You know what, in Poland it's still pretty common (those number of days with certain temperature). I live in such a building, a somewhat souvenir of the bygone era. But you know what, it is even convenient and I've never complained about it. An we haven't been hit so hard with the price hikes after the Russia-Ukraine war hit, when my friends from one family houses energy costs sometimes even tripled. It was a whole political thing last year.
My apartment just north of New York City has the same. Building was built in the 50's. It's not bad, there's an automatic thermostat that turns on the heat for the entire building when the outside temp reaches a certain level. Of course you can always turn the valves on the radiators to shut them off if you really want to. But it's never been a detriment.
1:08 Former Soviet here. "The process of actually acquiring it was a bureaucratic hellscape" not only in case of the car. Fridge and TV set were paramounts of Soviet subject as well and having enouth money was not enouth. You should have been lucky and patient to get ones. Many people haven't till the collapse of the USSR. I wrote "subject" because citizen can change his government (in case most of his fellow citizens agree) by means of democratic procedure. We (Soviets) couldn't, so the word "citizen" could'n apply to us, despite it was written in Soviet constitution.
3:45 Never heard of that. And it seems like a mistake or so, 'cos if you "had had any naughty opinions" you more likely to loose your freedom for considerable amount of time (someone has to chop down siberian trees, why not you?) instead of loosing ability to buy a car.
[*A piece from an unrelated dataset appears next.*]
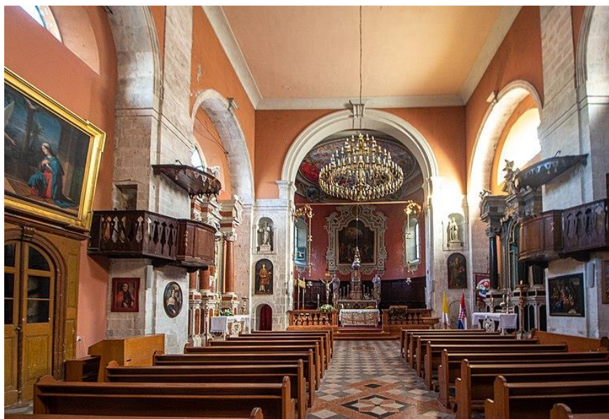
Slika br. 4: Unutrašnjost crkve Porodenja Blažene Djevice Marije u Skradinu

Prekrasni inventar kojeg crkva zajedno s župno-opatskim dvorom ima su razne slike, skulpture, liturgijski predmeti i liturgijsko ruho, a najvrjedniji su oltarna pala, Bogorodica s Djetetom i sv. Ivanom, kaleži, procesijski križevi i dvije slike koje prikazuju scene Navještenja i Getsemana, a koje je naslikao talijanski slikar Antoonio Zuccaro krajem 19. stoljeća (Juric, Šišak, 2022).

10:10 First time the fact that draft officer should have ask me about my preferences for military service (mandatory back then and still today) came to me well after collapse of the USSR when I watched some american documentary about peculiarities of military service around the world. "Next! You'll be a border guard. Next!"
11:40 There was an anecdote: "What is it: green, long and smell like sausage? Commuter train".
13:12 "Avoska" is not just funny sounds combined together. "Avos'" is an old Russian word meaning "maybe" when you hope for something good to happen or something with a possible bad outcome will go well.
14:00 Reminds me of another anecdote. Three things in advance:
1. "Gosplan" (short of "Gosudarstvennoe planirovanie" ("State planning")) is a top economic authority in USSR. It defines what to be produced, where and how many.
2. Soviet society and Soviet state was antisemitic. Not like arab's is, but in USSR jew must try much harder then Russian for the same career.
3. "Ivanov" is epitome of Russian family name, as well as Rabinovitch is of Jewish one.
So, an anecdote (and keep in mind facts about grocery shopping and "deficit"):
Comission checking the nuthouse and asking another patient:
- Why are you here?
- I think it's a mistake. I'm not insane, I'm a butcher Rabinovitch from the central market.
Comission then asked the chief medical officer:
- Why do you keep him here? He looks normal.
- It's severe case of the delusion of grandeur. He is Ivanov, engineer from Gosplan.
I recently visited Russia, and I must say, the people there are simply awesome, super fun and very friendly.
I’m married to one. I disagree 😂😂
This is true. The regular people are wonderful. But just like most places, it's only the ruling class that really sucks; the greedy, the dishonest, grifters, the ones who feel the need to take everything they can from everyone else.
Especially to children in Mariupol theater.
@@migmit the people aren't their government, especially in a country like Russia.
@@therealkakitron Right. It's the government that launches missiles and drops bombs.
11:43 "This phenomenon" not "This phenomena". "Phenomena" is the plural. Jeeeesus, Simon!